╔══

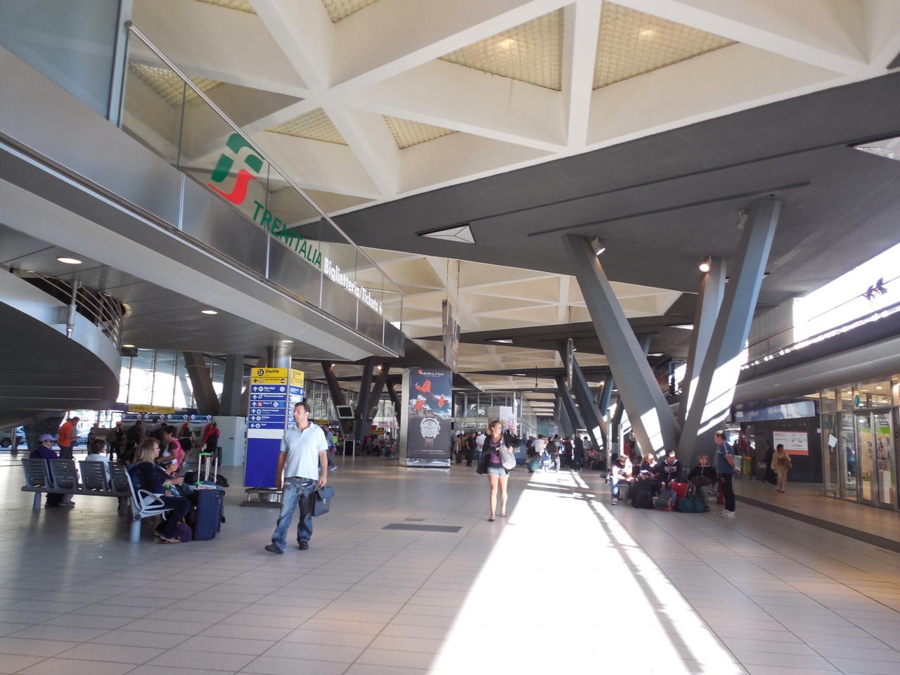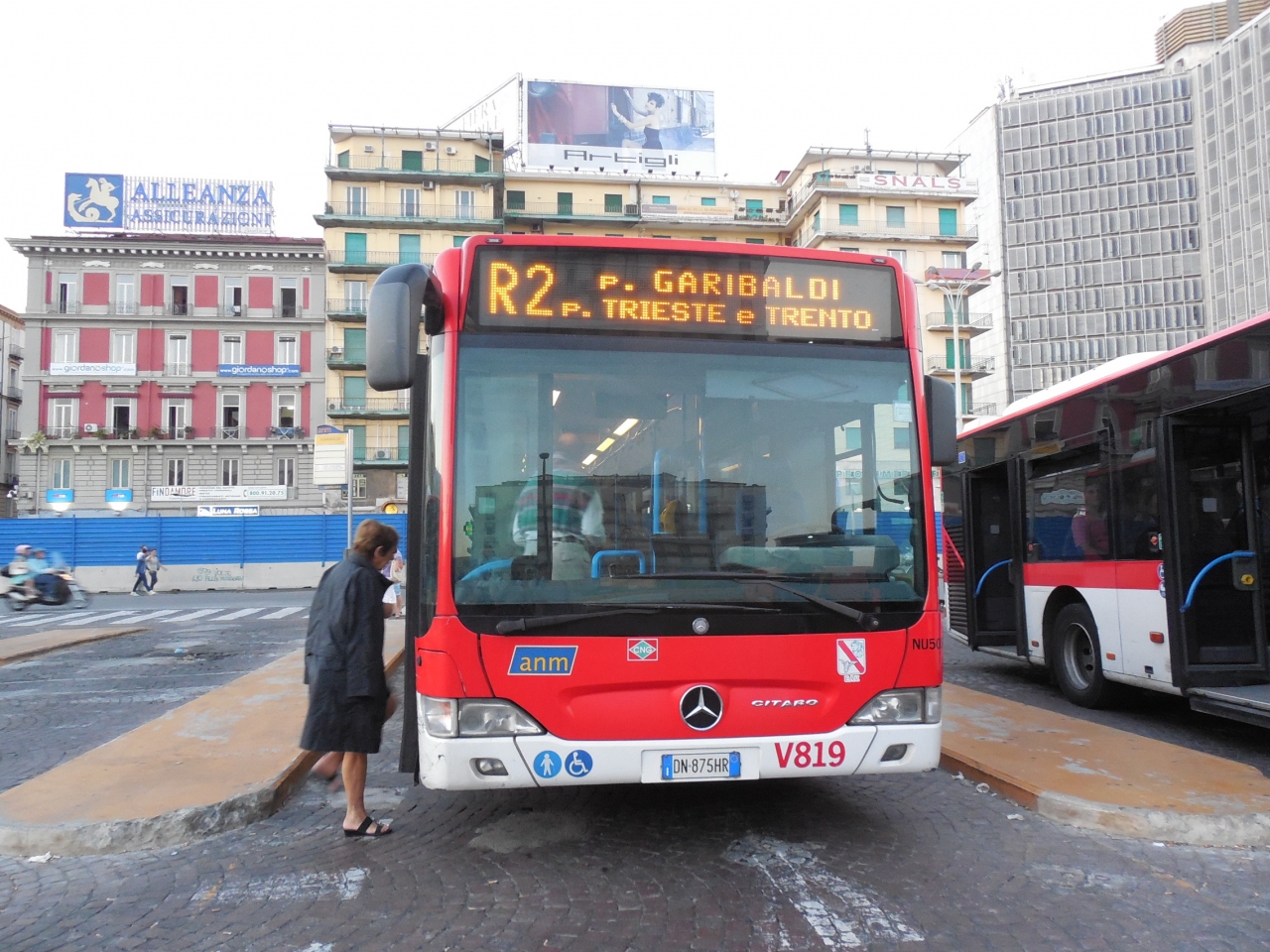 駅はボヴィオ広場(Piazza Bovio)に面しているのですが、この広場は多くのバスの路線が通る場所のようで、ここで降りてバスに乗換えたりしました。
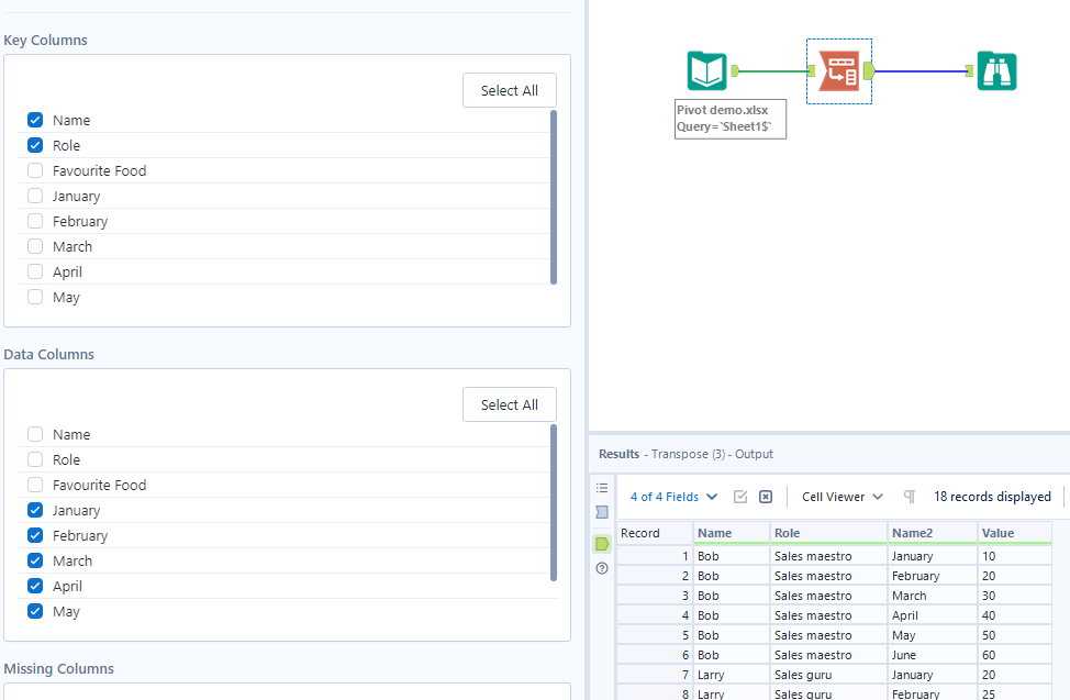The default configuration of the transpose tool is having all columns selected in the data columns section. When you select a key column, it will automatically deselect in the data section as the options do not make sense to be in both sections. Be mindful when selecting and deselecting options as, unlike in Tableau Prep, not all columns have to be carried through the transpose. This is a benefit when you don't want to know the favourite food of the employee for example, but also a drawback if you accidentally lose role by deselecting from the wrong place.
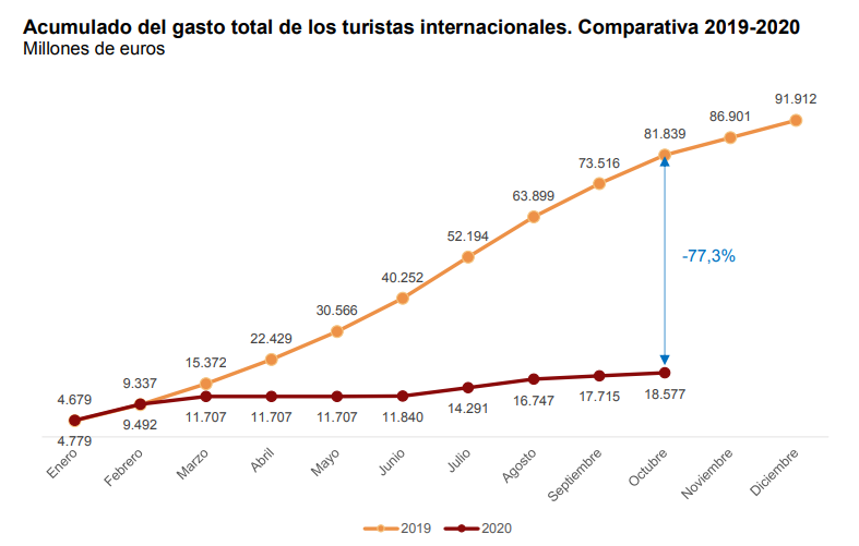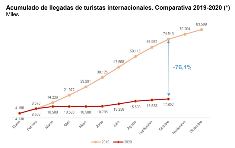 Десять месяцев спустя кризис, связанный с коронавирусом поразил отрасль, на долю которой приходится 12% ВВП и занятости в Испании. В период с января по октябрь 2020 года страну посетило только 17,9 миллиона иностранных путешественников, что на 76,1% меньше, чем за тот же период 2019 года (74,55 млн.). Таким образом, цифры текущего года возвращают туристический рынок Испании к уровню 1990 года.
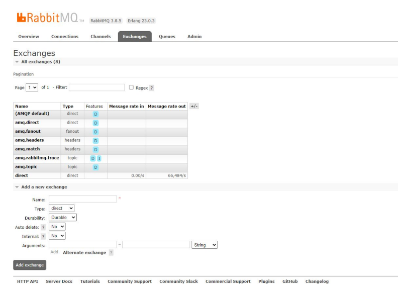- Exchange types: nameless (empty string – default one), fanout, direct, topic, headers

╚══

▶ **YOUR ASSIGNMENT**:
Once the pictures are set aside, give the rest of the listing again exactly.

▶ **SOLUTION**:
 駅はボヴィオ広場(Piazza Bovio)に面しているのですが、この広場は多くのバスの路線が通る場所のようで、ここで降りてバスに乗換えたりしました。
The default configuration of the transpose tool is having all columns selected in the data columns section. When you select a key column, it will automatically deselect in the data section as the options do not make sense to be in both sections. Be mindful when selecting and deselecting options as, unlike in Tableau Prep, not all columns have to be carried through the transpose. This is a benefit when you don't want to know the favourite food of the employee for example, but also a drawback if you accidentally lose role by deselecting from the wrong place.
 Десять месяцев спустя кризис, связанный с коронавирусом поразил отрасль, на долю которой приходится 12% ВВП и занятости в Испании. В период с января по октябрь 2020 года страну посетило только 17,9 миллиона иностранных путешественников, что на 76,1% меньше, чем за тот же период 2019 года (74,55 млн.). Таким образом, цифры текущего года возвращают туристический рынок Испании к уровню 1990 года.
- Exchange types: nameless (empty string – default one), fanout, direct, topic, headers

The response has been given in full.